The effects of MDCs on β-cell physiology in adult human studies are limited. In a Northern Mexican cohort, inorganic arsenic exposure was associated with a reduction in β-cell function, with the effect amplified among those with T2D [ 479 ]. Along with larger epidemiologic literature linking arsenic exposure to diabetes [ 480 - 482 ], other studies have also found arsenic to be associated specifically with measures of β-cell dysfunction or reduced insulin secretion, more strongly than with measures of insulin resistance [ 483 , 484 ]. Epidemiological studies also suggest that BPA, phthalates, dioxins, and POPs including DDT metabolites and PCBs are associated with measures of altered glucose homeostasis including T2D [ 345 , 485 - 489 ]. In one recent study, urinary BPA concentration in US adults was associated with an increase in β-cell function, hyperinsulinemia and insulin resistance [ 490 ] preferentially in males. These results are similar to those obtained from studies performed in mice [ 469 ]. Consistent with animal studies [ 491 ], a number of human studies —including studies among children and numerous studies in adults— suggest that DEHP is more strongly associated than are other phthalates with diabetes and other markers of impaired glucose metabolism [ 365 , 492 - 495 ], perhaps because of greater activation of PPARs. However, several other studies [ 496 - 498 ] found stronger evidence of associations with butyl phthalates, which have a weaker PPARγ affinity than do DEHP metabolites [ 499 ]. Because data thus far are limited, it is uncertain to what extent the mixed results in humans may be due to factors such as differences in exposures [ 496 ], measurement errors in estimates of exposure [ 350 ], or sex-specific effects [ 500 ]. Moreover, to date very few epidemiological studies have examined the developmental or perinatal exposures thought to have the most potent diabetogenic effects [ 501 ], though recent animal studies support adverse effects of ongoing exposures including those in adulthood [ 502 , 503 ]. Nonetheless, overall, these studies support the idea that MDC-induced disruptions in β-cell function may mediate some of the observed associations between environmental chemicals and diabetes in human populations.

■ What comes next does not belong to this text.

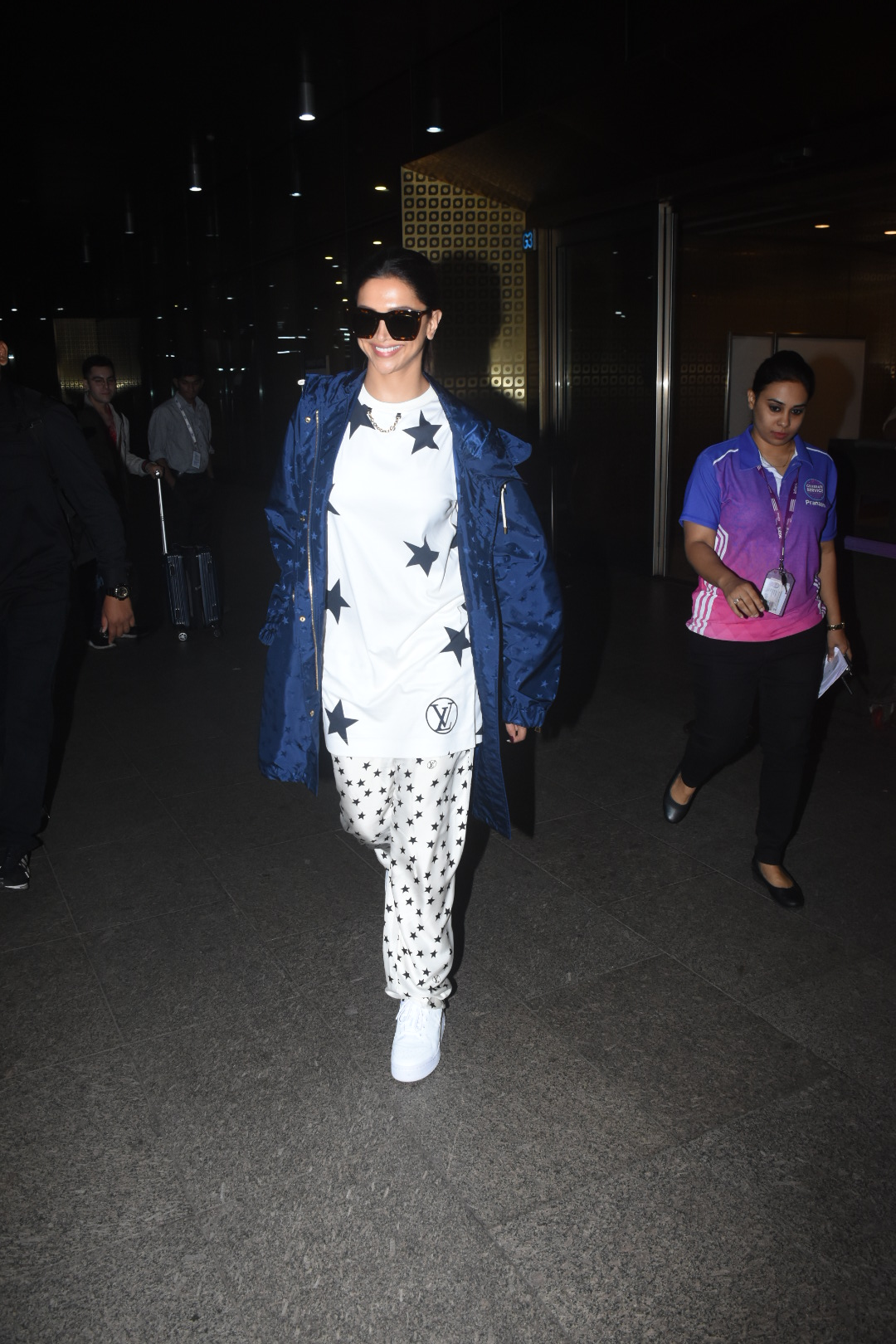 Deepika Padukone Steps Out Of Airport In Star-printed Pajama Set

5.5.2.1 Cellular models In addition to data demonstrating that MDCs disrupt insulin production, an increasing body of evidence suggests that a variety of MDCs have the capacity to impair peripheral insulin action. In diverse cell line and organ culture models of insulin-responsive tissues, an array of compounds have been shown to impair insulin signal transduction or insulin-stimulated glucose disposal, including TCDD [ 508 , 509 ], tolylfluanid [ 510 ], inorganic and methylated arsenic species [ 511 , 512 ], DEHP [ 513 , 514 ], and POPs [ 416 ]. In one model, BPA was also shown to inhibit insulin-stimulated glucose utilization in 3T3-L1 adipocytes [ 417 ] and another study showed that BPA can increase basal and insulin-stimulated glucose uptake in 3T3-F442A cells [ 412 ]. BPA also stimulated secretion of pro-inflammatory cytokines IL-6 and TNF while inhibiting the anti-inflammatory cytokine adiponectin from human adipoctyes in culture {Ben-Jonathan, 2009 #2081}. Collectively, these data suggest impairments in insulin action may result from exposure to a variety of environmental MDCs; however, dose, duration, and model system may alter the phenotypic response of some tissues to these compounds.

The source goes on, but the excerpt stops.